Synchronous sporulating cultures of B. anthracis demonstrate the timing and pattern of BclB assembly.

A–L. Immunolabelled samples from selected time points assayed with anti-rBclB polyclonal rabbit antibodies and goat anti-rabbit Alexa Fluor 488 conjugate. Cellular DNA is labelled with DAPI.

A–F. Epifluorescence demonstrates that BclB protein expression begins from T4 to T10, with localization to the exosporium at T6. BclB is completely localized to the spore by T7.

G–L. Bright-field images of corresponding (A)–(F).

M and N. Western blots of samples obtained during synchronous sporulating cultures (M) anti-rBclB polyclonal antibodies, (N) anti-rBxpB polyclonal antibodies. Sizes of selected protein markers are indicated between (M) and (N). Blot M was stripped and reprobed with anti-rBxpB antibodies to obtain blot N.

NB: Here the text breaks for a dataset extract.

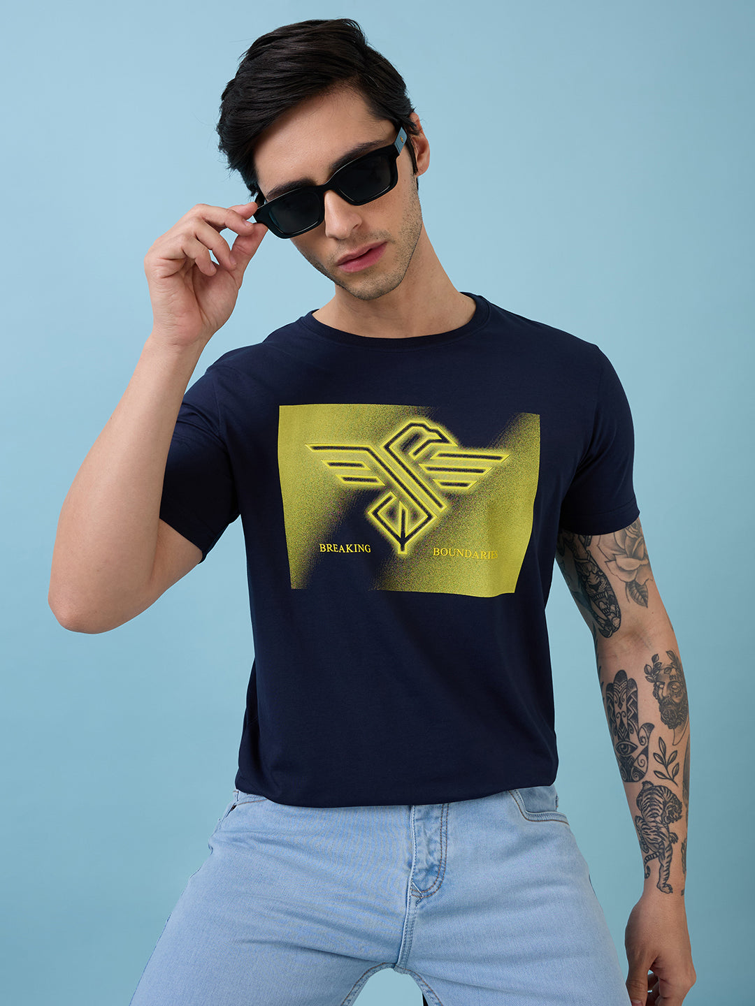 NAVY Mens Printed Round Neck Half Sleeves T-shirt

To monitor BclB production in a potentially more sensitive manner, we also performed Western blot analysis of sporulating cell extracts after fractionation by SDS-PAGE, using anti-BclB antibodies. Consistent with the immunofluorescence microscopic analysis, we found that BclB was first detectable at T4 and increased until T7 (Fig. 1M). The apparent molecular mass of BclB is ∼ 180 kDa, which is significantly larger than the apparent size of the monomer, which is 70 kDa (based on migration of recombinant BclB on SDS-PAGE, data not shown). To compare the expression of BclB with that of a different known exosporium protein, the blot was stripped and reprobed with antibodies against the exosporium basal layer protein BxpB. We detected a heterogeneous high-molecular-weight BxpB-containing population that appeared with similar timing during sporulation to the BclB-containing band (Fig. 1N). BxpB readily assembles into higher-molecular-weight complexes. The monomer form of BxpB (migrating at ∼ 18 kDa) is usually not apparent on these blots or in past experiments (Thompson and Stewart, 2008; Thompson et al., 2011b).

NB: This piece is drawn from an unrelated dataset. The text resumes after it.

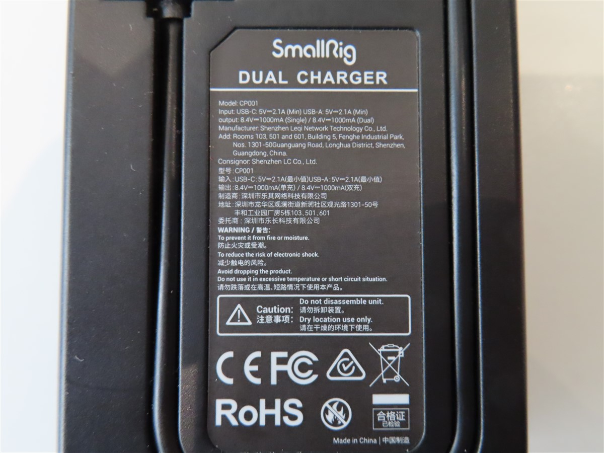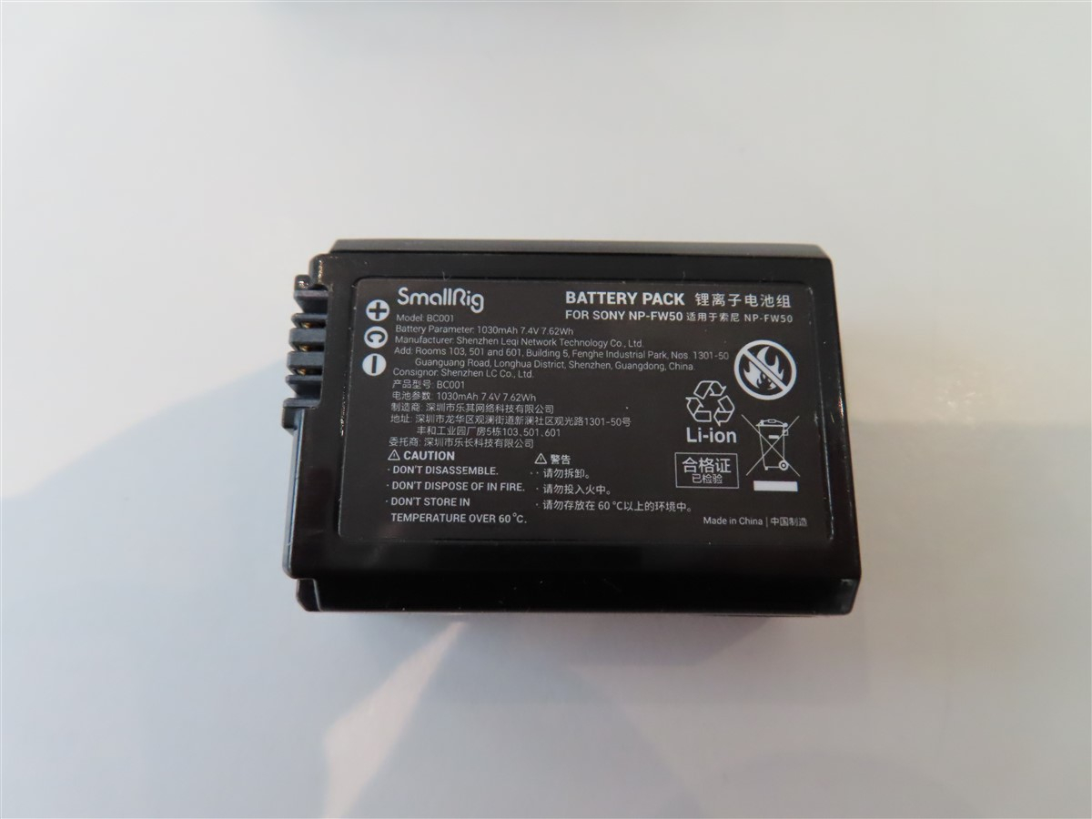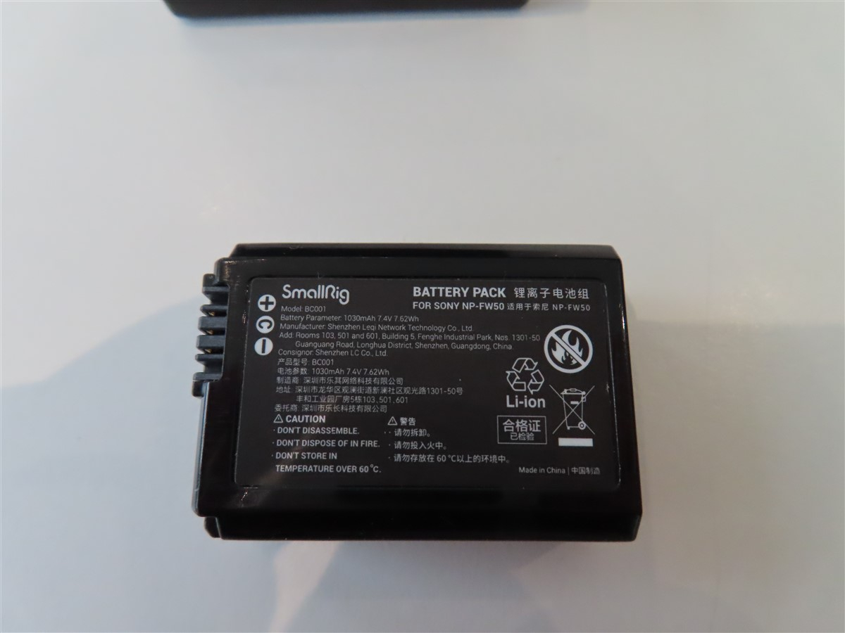 1 Ladegerät, Fabr. SmallRig, Typ Dual Charger (CP001), mit Ladestandsanzeige, mit 2 Akkus Fabr. SmallRig, Typ BC001, Kapazität 1030 mAh, entsprechen Sony Standard NP-FW50

Dependence of BclB incorporation on BxpB

The similar timing of expression of BclB relative to BxpB and BclA, the conserved N-terminal localization domain on BclB, and the similarity in sizes of the BclB- and BxpB-containing complexes suggested the possibility that BclB assembly depends on BclA and/or BxpB. To address this, we analysed BclB assembly in bclA and bxpB mutant spores, using IFM with anti-rBclB antibodies. We detected rings of fluorescence around wild-type spores, as expected from previous experiments (Fig. 2A and B) (Thompson et al., 2007). In contrast, bxpB mutant spores exhibited only minimal, patchy labelling (Fig. 2C and D). As previously described, bclA mutant spores had enhanced BclB labelling, except at one pole, presumably at the cap region of the spore (Fig. 2E and F) (Thompson et al., 2007). No labelling was observed with bclB mutant spores (Fig. 2G and H).

Figure 2.

The dependence of BclB on BxpB for its assembly into the exosporium.

A–H. Micrographs of spores of ΔSterne (A and B), bxpB-null (C and D), bclA-null (E and F) and bclB-null (G and H) labelled for the presence of BclB in the exosporium.

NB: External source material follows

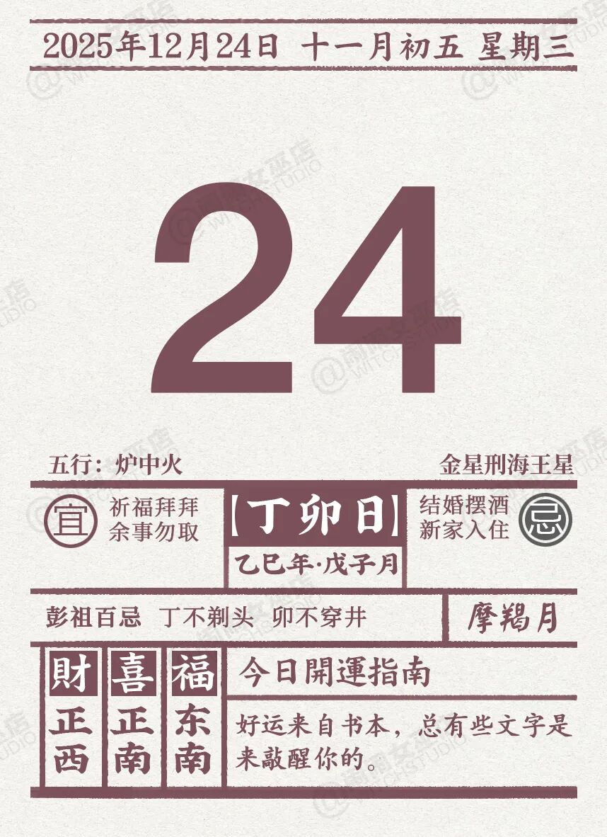 闹闹女巫店今日运势2025年12月24日

I and J. Western blot analysis of spore extracts separated on 4–20% Tris-glycine and immunoblotted for BclB (I) or BxpB (J). MW markers are denoted on the right of (J).

The results just described raised the possibility that BclB assembly requires BxpB. To address this, we extracted spore proteins, fractionated them by SDS-PAGE and performed Western blot analysis using anti-BclB antibodies. The low levels of BclB detected on bxpB mutant spores by immunofluorescence were not apparent in the Western blots of spore extracts (Fig. 2I). This may be due to poorer reactivity of the anti-BclB serum in Western blots or inefficiency of the extraction procedure. However, bclB mutant spores do possess BxpB (Fig. 2J).

Competition between BclB and BclA for BxpB binding

It is possible that BclA and BclB utilize similar mechanisms to incorporate into the exosporium as they are synthesized at similar times during sporulation, possess similar N-terminal localization/attachment domains and are both dependent on BxpB for assembly. Amino acid residues critical for BclA assembly are also present in BclB, but alignment is not exact due to the presence of additional amino acid residues (FPV and HI) in the BclB sequence (Fig. 3A). The residues required for both the covalent attachment of BclA to BxpB and associated cleavage of the BclA N-terminal 19 amino acids are not conserved in the BclB N-terminal sequence (Thompson and Stewart, 2008; Thompson et al., 2011b). In keeping with this lack of a conserved cleavage/covalent attachment domain, BclB extracted from spores contains an intact N-terminus (Waller et al., 2005).

Figure 3.

Comparison of the BclA and BclB localization and targeting motifs and the competition between them.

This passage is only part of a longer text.